At 150-1 a pharmacist compares the contents of the filled customer vial with the supply bottle that was used to fill the prescription. In the case of 150-1, the supply bottle is often left in the customer tote with the filled vial for the pharmacist to use in verifying the vial's contents. This is, in effect, a tablet-to-tablet comparison.
Alternately, at 150-2 the pharmacist compares the contents of the filled vial to an image of the prescribed drug that is retrieved from a database displayed on a computer monitor for the pharmacist to view. This is a tablet-to-image comparison.
Alternately, at 150-3 the pharmacist compares an electronic image taken of the filled vials with a database image of the same prescribed drug. This is an image-to-image comparison.
Certain automated prescription filling systems utilize these image-based verification schemes by taking an image of the filled vial before it is released to the pharmacist for verification. Finally, at 160 the order is placed with the appropriate paperwork in a pickup area for the customer to receive the prescription.
As explained above, these known pharmacy systems all suffer from the same general problems in that they rely on a visual verification performed by a human operator to validate that the prescription has been properly filled. The result is that a significant number of prescriptions are incorrectly filled. Additionally, the pharmacist, who is ultimately responsible for the accuracy of the filled prescription, spends a significant portion of his or her day performing these verifications. These and other known pharmacy inspection systems are more fully described in U.S. Patent Nos.
5,597,995, 6,176,392, and 6,202,923, the details of which have previously been incorporated by reference into the present application.
In accordance with an aspect of the present invention, an inspection system is provided that preferably replaces the visual verification steps associated with traditional and known pharmacy systems. Alternatively, an inspection system constructed in accordance with the present invention can augment existing visual verification systems.
In addition, an inspection system constructed in accordance with the present invention can preferably be adapted for use with an existing pharmacy information system, or can be utilized as a stand alone and portable unit.
Figure 2 illustrates a work flow 200 associated with one aspect of a pharmacy inspection and validation system constructed in accordance with the present invention.
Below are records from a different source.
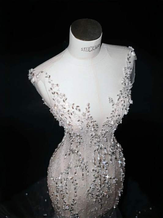 White satin tube top waist hip skirt, prom dress R5626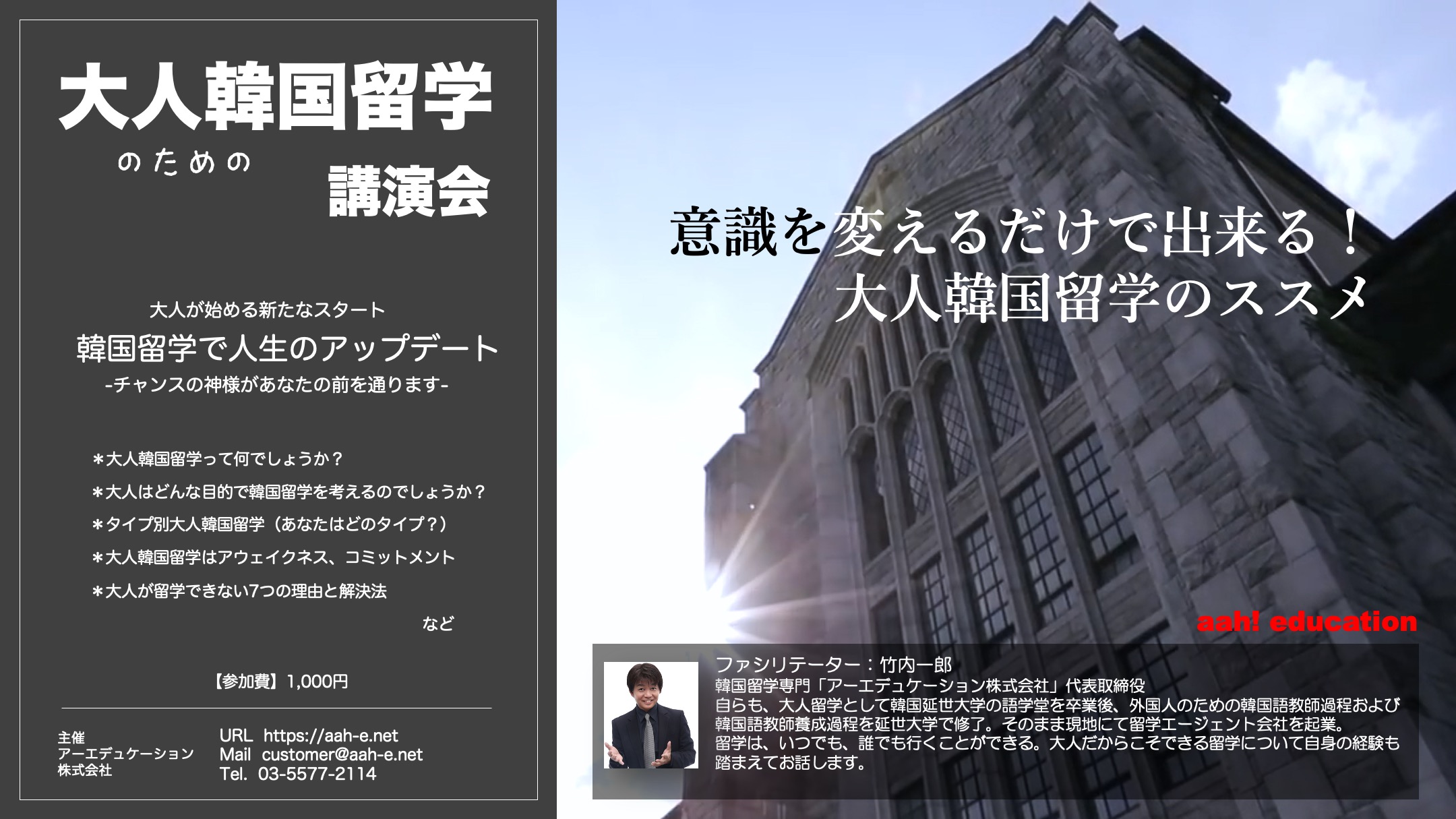 2024年10月開催のaah! education・主催「大人韓国留学講演会」のご案内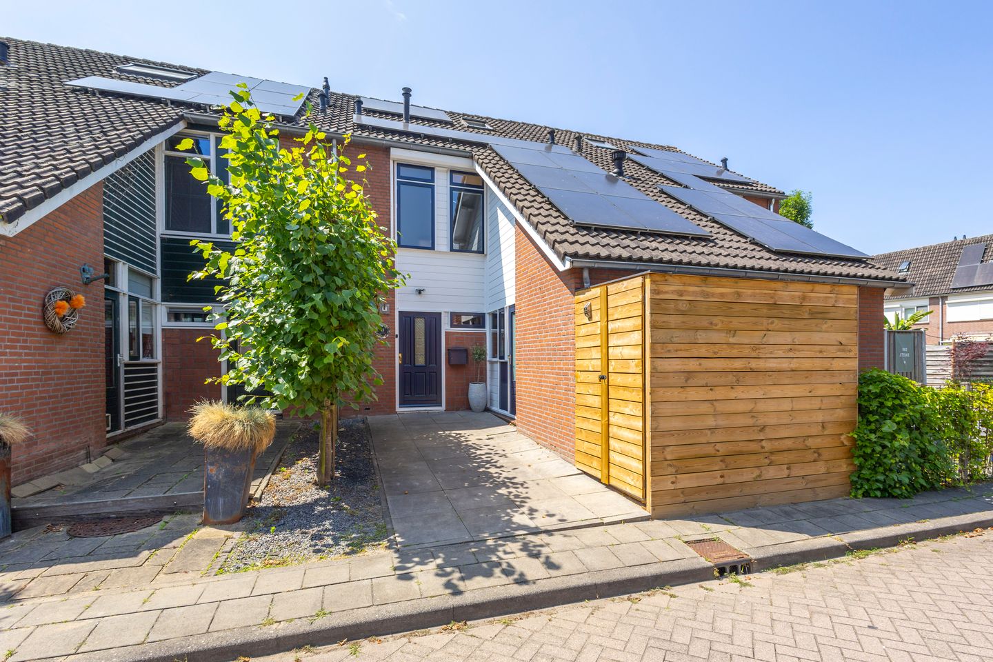 De achtertuin is een heerlijke, zonnige plek aan het water, gelegen op het westen. Hier kun je tot laat op de dag genieten van de zon en de rust. De tuin is onderhoudsvriendelijk aangelegd. Onder de fraaie overkapping (geplaatst in 2023) is het heerlijk vertoeven – of je nu wilt ontspannen met een goed boek, gezellig wilt borrelen of gewoon lekker buiten wilt zijn, hier zit je beschut en comfortabel. In 2020 zijn de tuintegels vernieuwd en het elektrische zonnescherm aan de achterzijde (2021) zorgt voor verkoeling op warme zomerdagen. Kortom: een tuin waar je ieder seizoen plezier van hebt!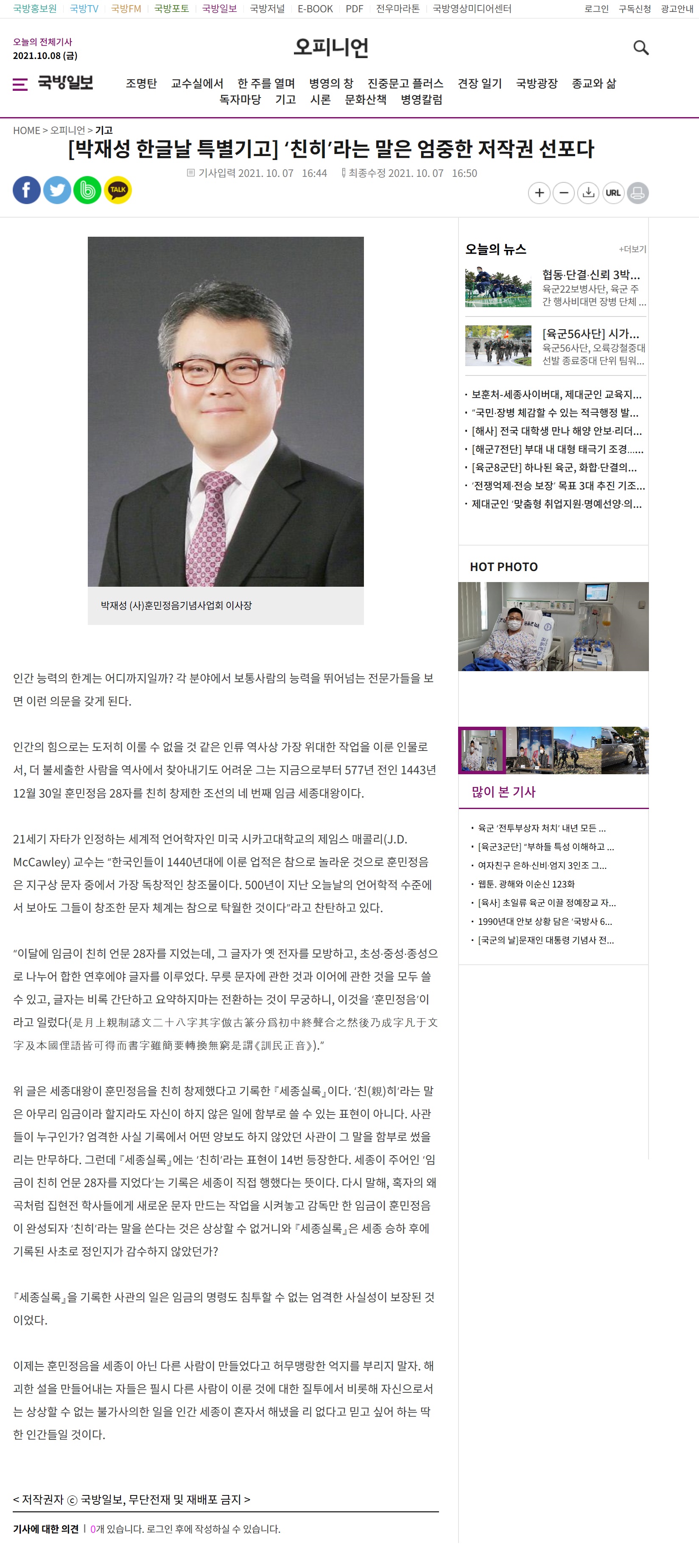 [국방일보] (인터넷판) 박재성 한글날 특별기고

While this example is based on the filling of a solid dosage prescription, similar procedures may be utilized for other dosage forms. A customer drops off or otherwise communicates a prescription to the pharmacy at 210. At 220, the customer's prescription is input into the pharmacy's information system or, if the prescription is for a refill, the prescription is recalled from the pharmacy's information system.
Step 220, as in the system of Figure l, is typically performed by a pharmacy technician, rather than by a licensed pharmacist. At 230, a pharmacist performs a verification that the customer prescription is properly entered into the pharmacy information system. Step 230 is typically performed by comparing the information entered into the pharmacy information system with the information contained on the written prescription.
As in the system of Figure 1, some systems actually scan the written prescription into the pharmacy information system so that a side by side comparison can be made on a computer screen of an image of the written prescription prepared by a physician and the data entered by the technician at step 220. At 240, after the entered prescription is verified by the pharmacist, it is released for filling (typically done by a technician).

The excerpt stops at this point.